Gabriel Nadeau received his BSc degree in biomedical sciences and his MSc degree in biophotonics from the Université Laval, Canada. Currently, he is studying for a medicine degree at the Université Laval. His research interests are focused on neuronal calcium signaling, fluorescence imaging of biological tissues, and image processing.
Simon Labrecque received his MSc degree in physics and his PhD in biophotonics from the Université Laval, Canada. He joined the CERVO Brain Research Center as an optical engineer and a coordinator in the Neurophotonics Center for the testing platform of new imaging tools and image analysis routines. He has a strong interest in cellular neuroscience, new developments in live optical microscopy, and single-molecule tracking with fluorescent molecules or nanoparticles.
Daniel Côté received his BSc degree in physics from Université Laval, Canada, in 1995 and his PhD in physics from the University of Toronto, Canada, in 2003. Following postdoctoral fellowships at the Ontario Cancer Institute and the Wellman Center for Photomedicine in Boston, he joined Université Laval where he is a full professor and affiliated with the CERVO Brain Research Center. His research group develops microscopy tools for neuroscience and neurosurgical guidance devices and investigates strategies for deciphering brain connectivity and function.

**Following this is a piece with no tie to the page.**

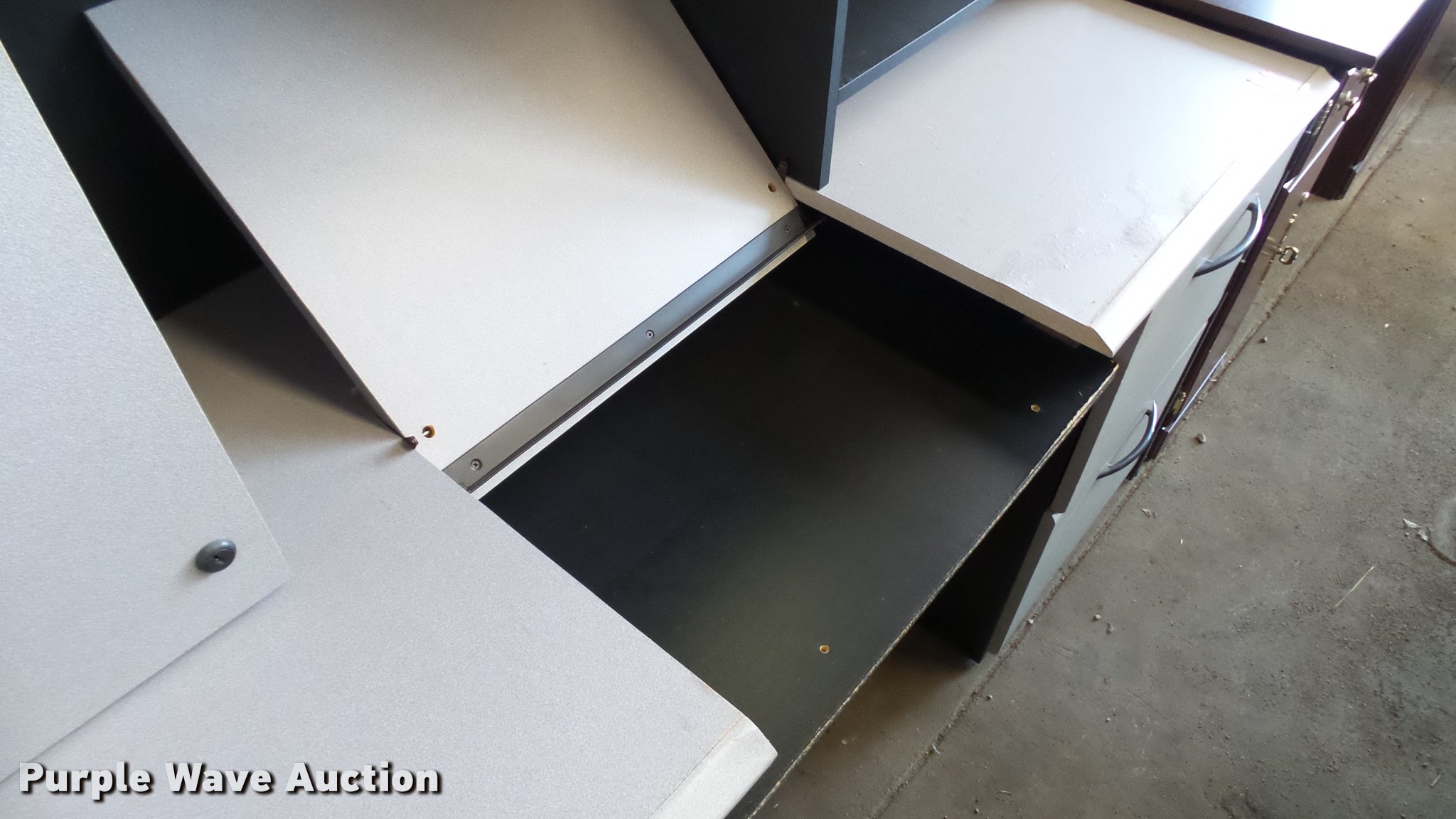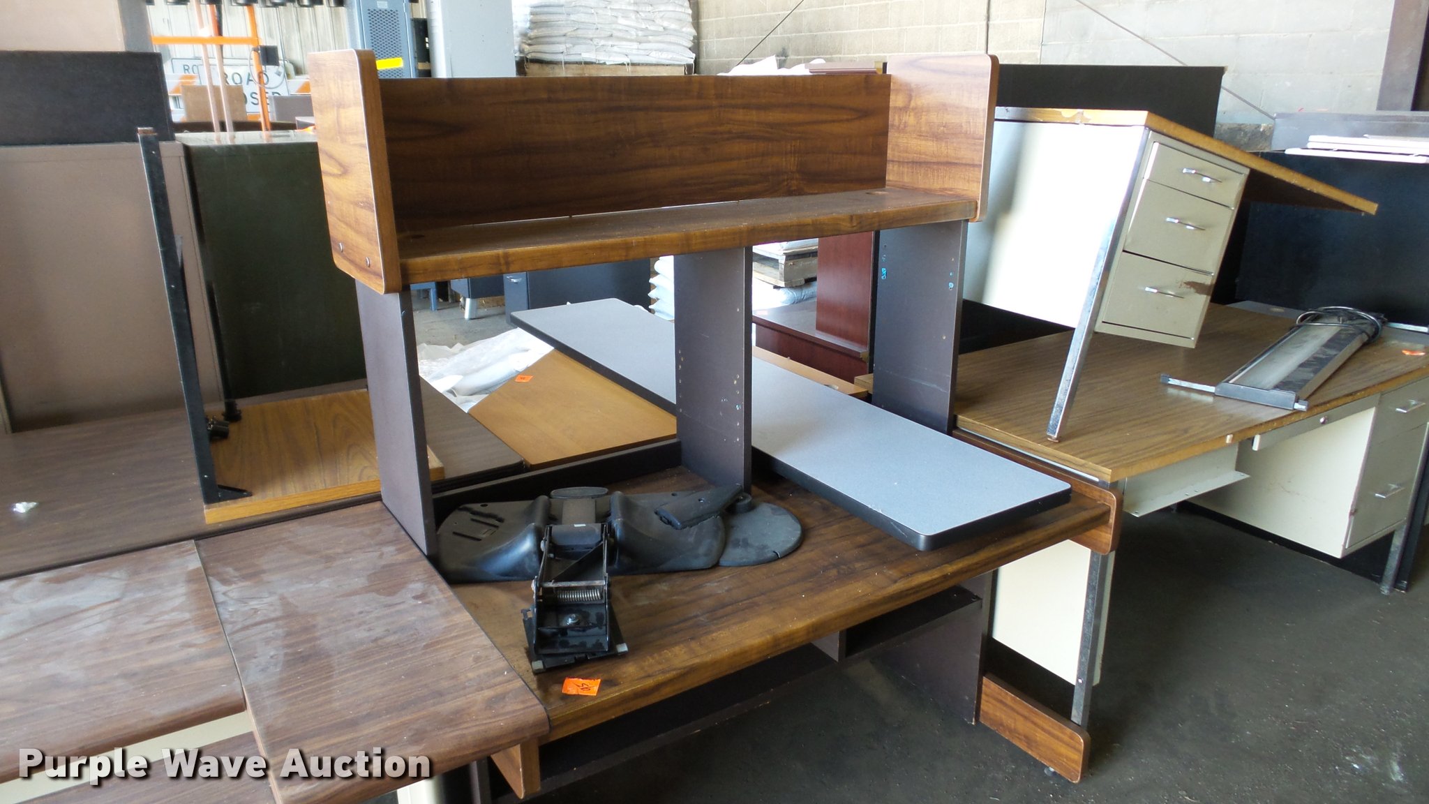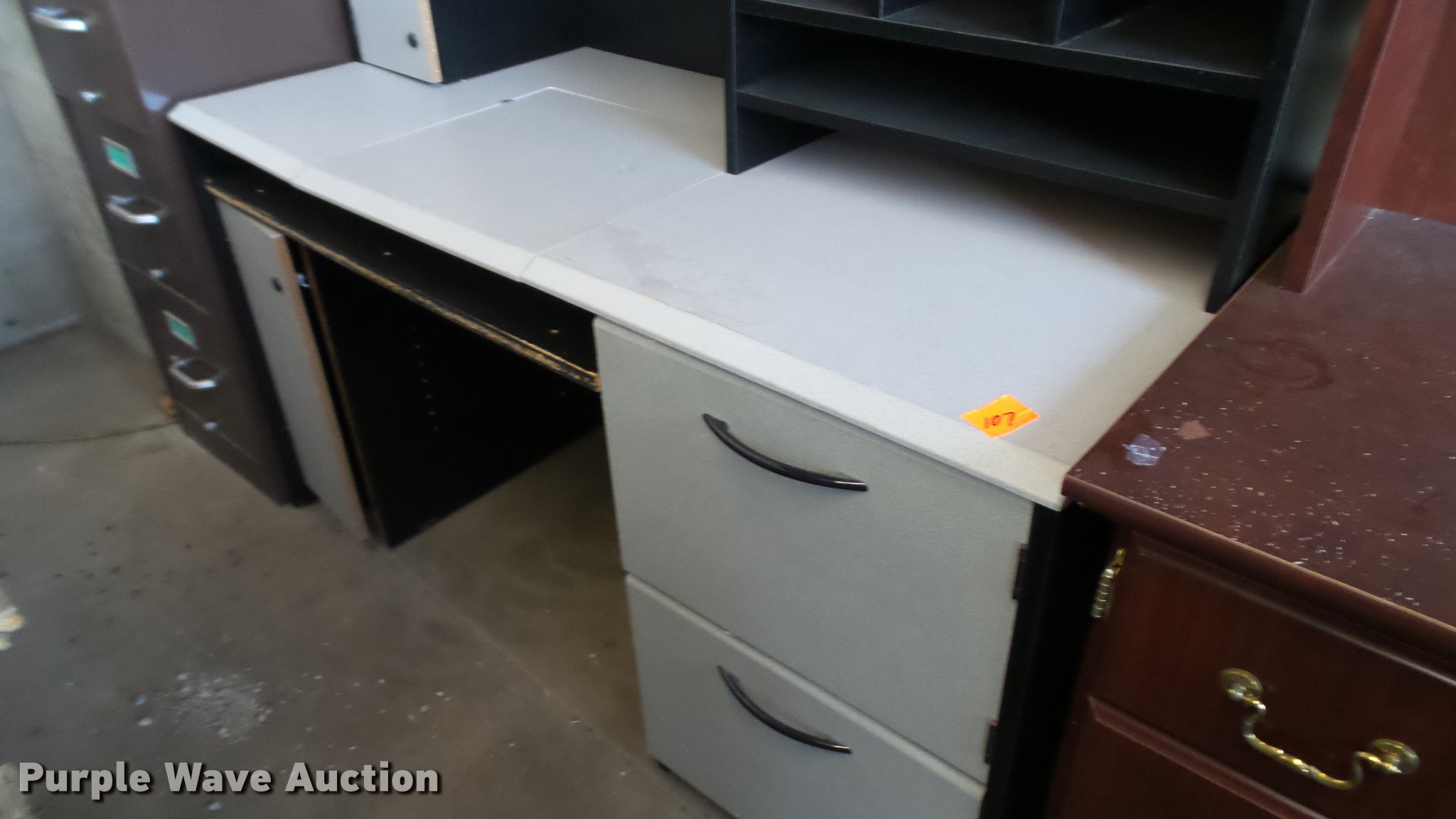 Purple Wave is selling a used Furniture in Iowa. This item is a Office furniture with the following: (9) desks, (2) four drawer metal filing cabinets, Unit# 96, 95, 94, 93, 92, 104, 105, 106, 107, 108

Flavie Lavoie-Cardinal received her PhD in chemistry from the University of Siegen, Germany in 2011, and postdoctoral trainings (i) at the MPI for biophysical chemistry in Göttingen, Germany until 2014, and (ii) at the CERVO Brain Research Center, Quebec City, Canada. Since 2017, she is an independent researcher at CERVO and an adjunct professor at Université Laval. Her research interests are in optical nanoscopy, cellular and molecular neuroscience, and application of machine learning to bioimaging techniques.
Paul De Koninck received his PhD in neurobiology from McGill University, Canada, in 1995 and postdoctoral training at Stanford University. In 2001, he joined the Department of Biochemistry, Microbiology, and Bioinformatics at the Université Laval, Canada, where he is a full professor. He is the director of the cellular and molecular neuroscience division at the CERVO Brain Research Center in Quebec City. His research interests are in cellular and molecular neuroscience, synaptic signaling and plasticity, using advanced optical methods.